Vijai P. Sharma, Ph.D
"BED" (Binge Eating Disorder) is an interesting acronym--some people who have it, do eat in bed or sometimes get out of the bed in the middle of the night to eat!
According to some community surveys, BED is by far the most common eating disorder in America, found in 2 to 5 percent of the general population.
A subgroup of obese people has BED; research shows a significant association between binge eating and overweight. Thirty percent of the people who enroll in commercial weight loss programs have BED. This percentage goes higher in the cases of individuals in medical weight loss programs!
Thirty to fifty percent of the people seeking commercial or medical services for weight loss with binge eating problem is a pretty substantive figure, but you don't hear much about it. It is not a popular subject for discussion by patients and doctors, but the complications posed by BED in obesity must be addressed to serve the afflicted individual better.

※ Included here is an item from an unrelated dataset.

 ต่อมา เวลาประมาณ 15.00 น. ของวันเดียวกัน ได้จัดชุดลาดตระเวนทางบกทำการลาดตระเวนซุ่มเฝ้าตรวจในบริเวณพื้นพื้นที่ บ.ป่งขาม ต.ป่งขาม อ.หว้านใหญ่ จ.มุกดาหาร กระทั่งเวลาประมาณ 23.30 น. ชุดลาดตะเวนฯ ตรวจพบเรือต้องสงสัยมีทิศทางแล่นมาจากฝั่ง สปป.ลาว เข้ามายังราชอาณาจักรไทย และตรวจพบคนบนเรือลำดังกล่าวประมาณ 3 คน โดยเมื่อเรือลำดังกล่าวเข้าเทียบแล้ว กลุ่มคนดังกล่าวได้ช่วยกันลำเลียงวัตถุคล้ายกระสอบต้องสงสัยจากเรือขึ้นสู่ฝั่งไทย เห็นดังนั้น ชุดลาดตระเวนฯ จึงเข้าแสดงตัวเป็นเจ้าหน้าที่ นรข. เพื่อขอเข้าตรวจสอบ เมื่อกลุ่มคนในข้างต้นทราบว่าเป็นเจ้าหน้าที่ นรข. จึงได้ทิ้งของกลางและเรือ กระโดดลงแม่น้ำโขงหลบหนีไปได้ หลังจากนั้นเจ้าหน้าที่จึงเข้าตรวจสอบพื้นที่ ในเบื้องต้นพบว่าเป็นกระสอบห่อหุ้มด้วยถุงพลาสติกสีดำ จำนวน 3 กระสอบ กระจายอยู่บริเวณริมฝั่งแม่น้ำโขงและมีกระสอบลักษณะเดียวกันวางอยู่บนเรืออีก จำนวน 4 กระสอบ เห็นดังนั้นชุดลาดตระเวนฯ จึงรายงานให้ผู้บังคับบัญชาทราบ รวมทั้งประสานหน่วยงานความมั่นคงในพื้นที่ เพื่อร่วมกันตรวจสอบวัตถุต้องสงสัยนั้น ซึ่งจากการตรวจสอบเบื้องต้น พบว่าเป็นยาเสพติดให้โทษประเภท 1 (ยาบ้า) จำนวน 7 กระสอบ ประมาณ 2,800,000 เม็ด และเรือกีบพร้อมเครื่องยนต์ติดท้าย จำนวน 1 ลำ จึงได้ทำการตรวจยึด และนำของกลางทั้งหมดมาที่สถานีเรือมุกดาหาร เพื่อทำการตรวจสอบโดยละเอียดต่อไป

If you binge eat at least twice a week for six months, you meet the criteria for BED. Binge eating consists of eating an inordinate amount of food in a discrete time period, which is often accompanied with a sense of loss of control.

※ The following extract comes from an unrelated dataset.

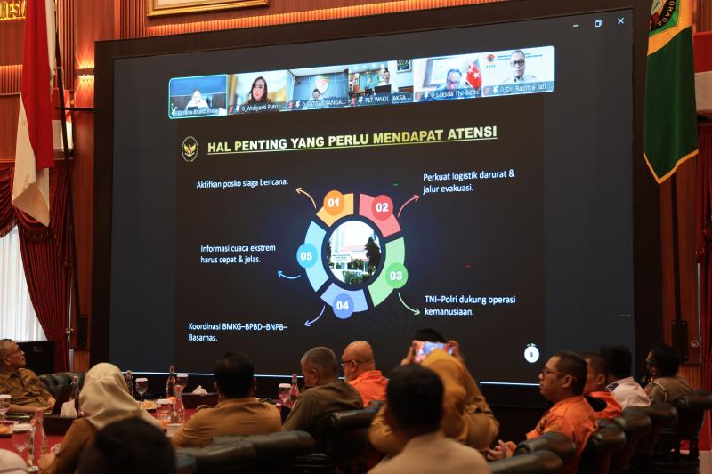 Kabarindoraya.com | Cibinong- Bupati Bogor, Rudy Susmanto, bersama Forum Koordinasi Pimpinan Daerah (Forkopimda) serta jajaran Pemerintah Kabupaten Bogor, mengikuti Rapat Koordinasi Pusat dan Daerah yang dipimpin Menteri Dalam Negeri Republik Indonesia, Tito Karnavian, secara virtual dari Ruang Soekarno Hatta, Pendopo Bupati Bogor, pada Senin (1/12/25). Rakor ini digelar untuk memastikan kesiapsiagaan nasional dalam menghadapi potensi bencana, serta persiapan pengamanan perayaan Natal 2025 dan Tahun Baru 2026 (Nataru).

A binge eater is different from a bulimic, as the latter also uses a compensatory behavior such as vomiting, over exercising or abusing laxatives. Some binge eaters say they would never engage in such disgusting compensatory behaviors; or they insist that they simply love the food too much to rid off it.
Unlike bulimics and anorexics, a binge eater does not have a distorted body image or overvalued belief about weight or shape.
Anorexic and bulimic women far outnumber male counterparts, but BED does not show a similar gender bias. There are 4 men to every 6 binge eating women. Binge eating is also more culturally diverse. Fro example, fewer Afro-Americans are bulimics or anorexics when compared to Caucasians. These differences are somewhat leveled when it comes to binge eating. All told, people with BED are in a class of their own and should be viewed as such.
Compared to bulimics, binge eaters may consume more calories through binge eating and regular meals. Obese patients with BED may be different from obese patients without BED.
Higher caloric consumption combined with excess weight may pose a higher risk for binge eaters for such medical disorders as diabetes type II and coronary heart disease.
In spite of the best intentions, attempts for restrained eating may provoke binge- eating episodes. Some binge eaters go on a bingeing episode before starting a diet and when they go off a diet.
This presents an additional risk for medical complications. They would be better off treating the BED simultaneously or before attempting a weight loss program.
Obese patients with BED may have more emotional impairment than obese patients without BED. The former have a higher incidence of depression, anxiety or substance abuse. Childhood trauma, significant family background issues, abuse, loss and similar other circumstances may have been known to precede the onset of BED.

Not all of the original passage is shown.